For a project like Storm Tome, where visual cohesion supports immersion, these limitations were too disruptive. The plan to generate a full visual layer has been deferred for now, with the possibility of returning to it once tools improve or a hybrid human-guided process becomes more efficient.
Lessons Learned
StormTome was built with the help of generative AI at nearly every stage. From naming and lore to rules and system design, the project explored just how far modern tools could go in shaping a complex creative work. The results were mixed.

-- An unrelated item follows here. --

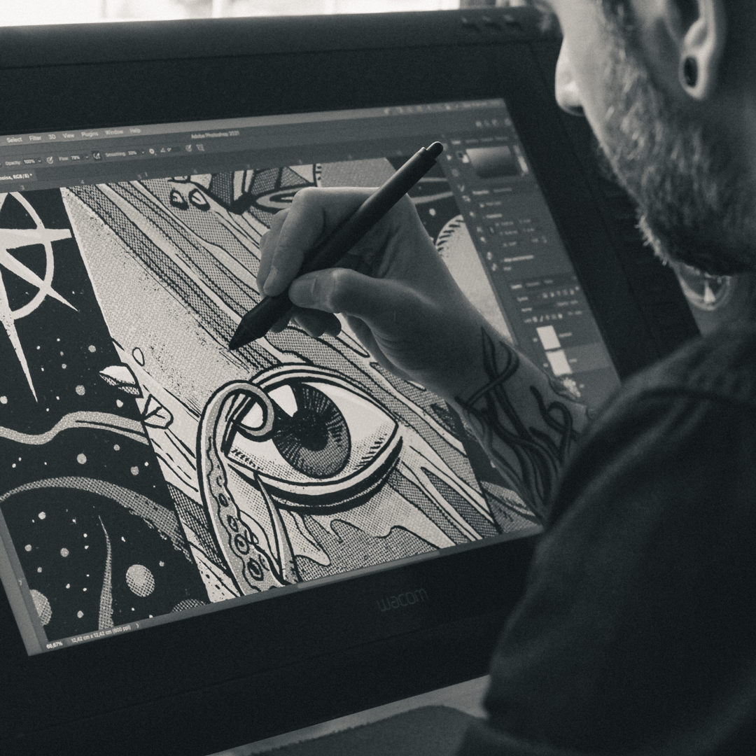 Pedro: To cut a long story short, I've been drawing since I was a child and after finishing high school I started a graphic design degree in 2005 where I was able to acquire technique and repertoire. I worked as a graphic designer and illustrator for about 5 years and since 2014 I have dedicated myself entirely to illustration.

Generative AI performed well in structured tasks: it could fill templates, summarize research, and generate large volumes of content quickly. It accelerated the creative process when the problem was well-defined, such as writing faction profiles or exploring job systems. With tight guidance, it made early development faster and more productive.
But the same tools showed clear limits. They could not ensure consistency across sessions. They could not validate originality. They could not reason about interconnected systems or maintain balance. Most importantly, they could not operate independently. High-quality results required a structured prompt, critical review, and often extensive rewriting.
Generative AI was not a co-author. It was a collaborator that excelled at focused, repetitive, or research-heavy tasks. It proved genuinely useful when treated like a creative apprentice, with clear instructions and closely monitored. But when left to lead, it quickly lost its way.